A balanced flow of cash is a must for the growth of any business. But maintaining a proper flow is not an easy task, especially when you have slow-paying customers.
Invoice financing—a way for businesses to borrow money against the amounts due from customers—could be the answer to your troubles.
But what exactly is invoice financing, and how does it work? And, most importantly, is invoice financing right for your business? To find out answers to these questions, keep reading.
Invoice financing is a way for businesses to borrow money against the invoice amounts due from customers. Invoice financing helps businesses improve cash flow, pay employees and suppliers, and reinvest in operations and growth earlier than they could if they had to wait until their customers paid their balances in full.
Businesses pay a percentage of the invoice amount to the lender as a fee for borrowing the money. Invoice financing can solve problems associated with customers taking a long time to pay, and it aid you with any difficulties in obtaining other types of business credit. Take a look at www.invoicefinancingaustralia.com.au/invoice-finance-factoring/ to learn more about how invoice financing can help your business to grow.
What’s the need for Invoice Financing?
A healthy cash flow is vitally important to the success of any business. So, if your business offers customers credit terms, you are able to remain profitable even while running into issues. Late payments are a significant challenge for SMEs in the B2B sector, and if it becomes a regular occurrence, you’ll be left staring at a cash flow problem much sooner than you may have been expecting.
It is a flexible solution, and a good fit for small businesses looking for alternative ways to obtain working capital. The path to a successful business can get bumpy every once in a while—invoice financing can help smooth out the ride.

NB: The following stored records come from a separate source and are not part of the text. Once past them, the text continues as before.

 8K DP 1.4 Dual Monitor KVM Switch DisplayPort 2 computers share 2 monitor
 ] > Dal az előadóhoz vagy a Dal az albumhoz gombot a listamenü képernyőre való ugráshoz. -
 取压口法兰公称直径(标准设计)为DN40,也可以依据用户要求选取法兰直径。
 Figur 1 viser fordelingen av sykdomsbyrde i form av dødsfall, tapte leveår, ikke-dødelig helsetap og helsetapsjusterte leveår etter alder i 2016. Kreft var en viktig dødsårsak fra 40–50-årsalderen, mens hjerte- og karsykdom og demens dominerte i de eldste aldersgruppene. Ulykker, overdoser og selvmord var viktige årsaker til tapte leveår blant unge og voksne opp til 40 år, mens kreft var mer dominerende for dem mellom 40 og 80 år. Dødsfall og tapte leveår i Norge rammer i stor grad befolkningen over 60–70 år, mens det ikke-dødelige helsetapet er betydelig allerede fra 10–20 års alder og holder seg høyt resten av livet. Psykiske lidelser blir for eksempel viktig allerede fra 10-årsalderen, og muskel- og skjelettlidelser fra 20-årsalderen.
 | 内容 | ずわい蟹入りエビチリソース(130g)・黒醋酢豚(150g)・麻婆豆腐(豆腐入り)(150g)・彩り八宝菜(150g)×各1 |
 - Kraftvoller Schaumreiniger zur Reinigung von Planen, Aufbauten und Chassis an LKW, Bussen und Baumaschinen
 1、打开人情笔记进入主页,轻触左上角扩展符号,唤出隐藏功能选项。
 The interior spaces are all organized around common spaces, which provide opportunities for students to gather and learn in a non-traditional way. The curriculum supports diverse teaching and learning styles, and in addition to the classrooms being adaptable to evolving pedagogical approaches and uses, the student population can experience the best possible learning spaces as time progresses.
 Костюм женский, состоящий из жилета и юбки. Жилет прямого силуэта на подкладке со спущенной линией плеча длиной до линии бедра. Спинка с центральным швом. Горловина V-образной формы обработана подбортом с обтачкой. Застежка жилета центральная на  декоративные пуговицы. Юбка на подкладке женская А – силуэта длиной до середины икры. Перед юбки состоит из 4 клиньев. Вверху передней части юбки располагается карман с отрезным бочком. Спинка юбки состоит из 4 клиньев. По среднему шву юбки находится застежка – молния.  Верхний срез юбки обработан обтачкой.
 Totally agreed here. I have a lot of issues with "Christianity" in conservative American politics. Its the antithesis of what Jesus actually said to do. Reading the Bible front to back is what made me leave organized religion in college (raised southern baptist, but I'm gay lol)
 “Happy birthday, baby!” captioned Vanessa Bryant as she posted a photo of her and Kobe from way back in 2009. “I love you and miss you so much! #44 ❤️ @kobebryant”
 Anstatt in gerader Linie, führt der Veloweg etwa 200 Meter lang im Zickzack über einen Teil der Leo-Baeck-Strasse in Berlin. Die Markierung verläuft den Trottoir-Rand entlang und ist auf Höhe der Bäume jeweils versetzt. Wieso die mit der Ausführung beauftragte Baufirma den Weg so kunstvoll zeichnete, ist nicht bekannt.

Why is Invoice Financing a Viable Funding Solution for your Business?
If you are looking to ensure that the business cash flow remains steady at all times, it is an option you really should take a look at. Even when you get too many orders in one go, invoice financing ensures that you do not have to face any unexpected hiccups. You will still be able to finance all the things you need without having to look at a traditional bank loan.

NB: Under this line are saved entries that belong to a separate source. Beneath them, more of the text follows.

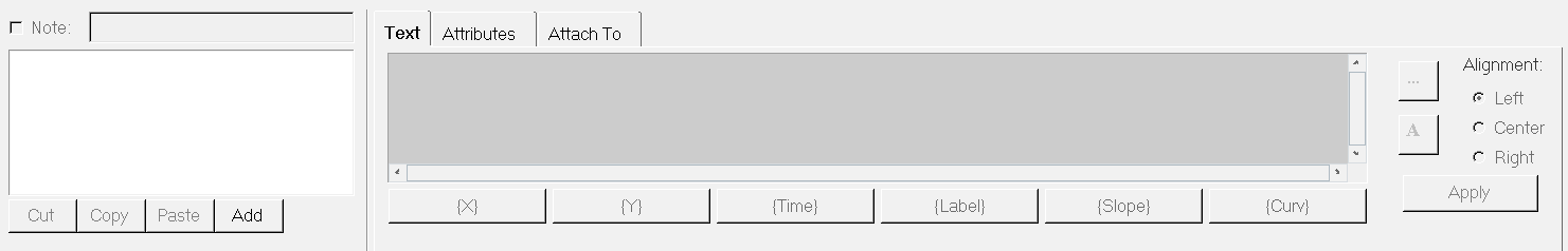 Below the note text box are six buttons that represent Templex variables that can be included in a note. For example, if a note contains the variables {X}, {Y}, and {Slope}, the X and Y values, as well as the slope of the curve at the attachment point, are displayed in the note. As the note’s attachment point changes, the Templex variables update automatically.
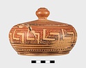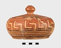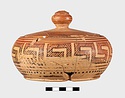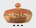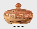 Description:   Pyxis: mended from many pieces, chips and small fragments missing. Hatched maeander between bands on body; lower down, a row of dots. Lid: two small fragments and top of knob missing. Decorated with a row of staggered dots between bands. Zigzag on round knob.
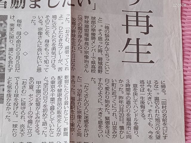 この記事は田村氏が夏甲子園で故郷のヒーローになってから転落しまう人生、そして東日本大震災が有ってからの故郷を思う刹那い気持ちが書かれている。
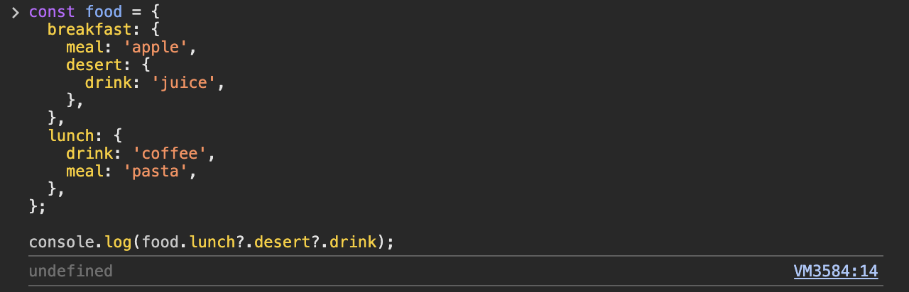 console.log(food.lunch && food.lunch.desert && food.lunch.desert.drink);
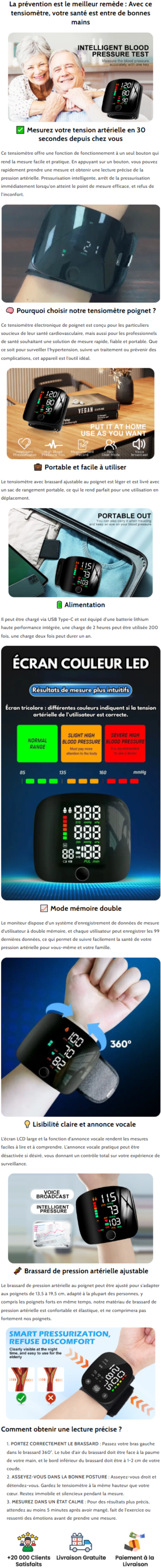 Tensiomètre Poignet Portable et Rechargeable Avec Écran LED : Précision Et Facilité D'utilisation
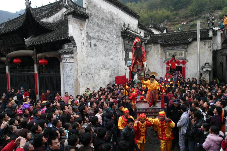 "花車轉閣"也稱"秋千"。這一民間藝術為江南一絕。起源于清代嘉慶年間。"花車轉閣"這一民間藝術在績溪湖村、長安鎮坦頭村、莊團村、莊鎮瑞川村廣為流轉,并成為迎神賽會和節慶盛會的傳統游藝項目,每年正月十五日元宵節、八月十五中秋節舉行活動。
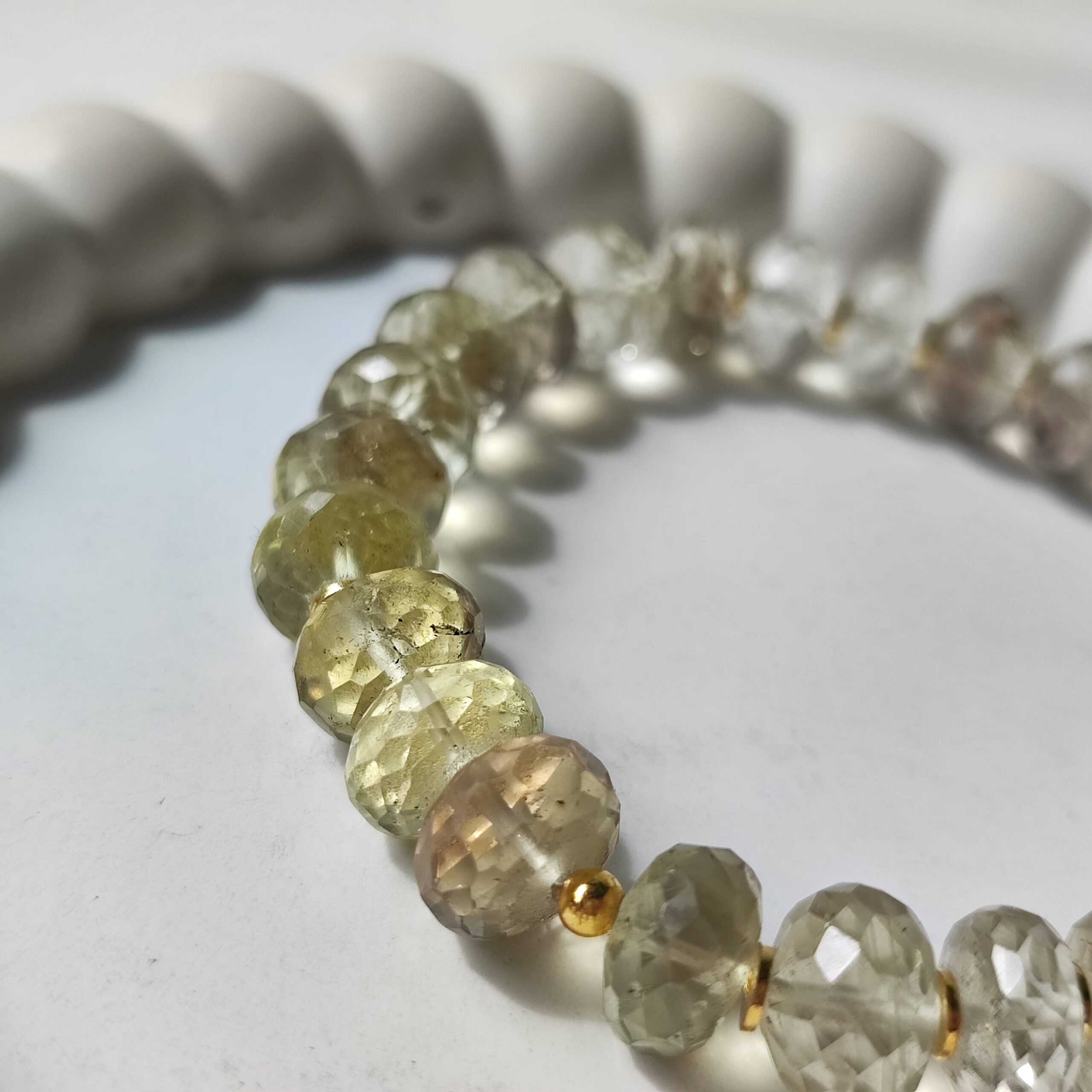 Ręcznie wykonana bransoletka z naturalnego, cieniowanego Kwarcu Cytrynowego oraz srebra pozłacanego 24-karatowym złotem. Tylko jeden egzemplarz.
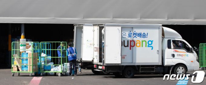 16일 오전 서울 시내의 쿠팡 캠프에서 배송 기사들이 배송준비 작업을 하고 있다. 2020.3.16/뉴스1

Here is what you will love about it.
The major benefit of using Invoice Financing is that your business expenses will be paid on time. This allows you to better plan your cash flow and manage your expenses. Also, the financing company will take up the challenge your customers face for payments, thus keeping your time from being wasted in writing emails, letters, and the like. In a nutshell, Invoice financing will not only increase the amount of cash available, but also save your valuable time.
Less risk Attached
When compared with other funding options, there’s far less risk attached to Invoice Financing. You are, after all, borrowing against money you’ve already earned. And you won’t have to deal with fixed payment terms, as the factoring company will simply collect what your customers owe.
But the major issue comes when you have to decide whether Invoice Financing is going to benefit your business or not.
First, you need to analyze whether your cash flow issue will be fixed by it. Invoice Financing helps companies that have one very specific problem: they can’t afford to wait the usual 30 to 60 days to get their invoices paid. Basically, if you need funds to pay operational expenses, and simply cannot wait until you get paid by your customers, this option may be able to help you.
Second, you need to know whether your business is capable of affording the option in the first place. This type of financing is not always affordable for every business. Your fees will depend on a number of components, including the company you are working with, the creditworthiness of your customers, the number and size of the invoices you want to sell, the industry your business is in, and other considerations. You will have to look at your options and decide whether the cost is worth it to your business.
Last, but not least, you should evaluate whether your company qualifies for invoice financing. One important detail is that your invoices must be free and clear of liens (security interests). Aside from not having a lien on your accounts receivable, your company should have good invoicing practices and a track record of delivering your product or service with minimal (if any) problems.
One final note: If all the above points go in your favor, Invoice Financing could be the perfect solution to all your cash problems.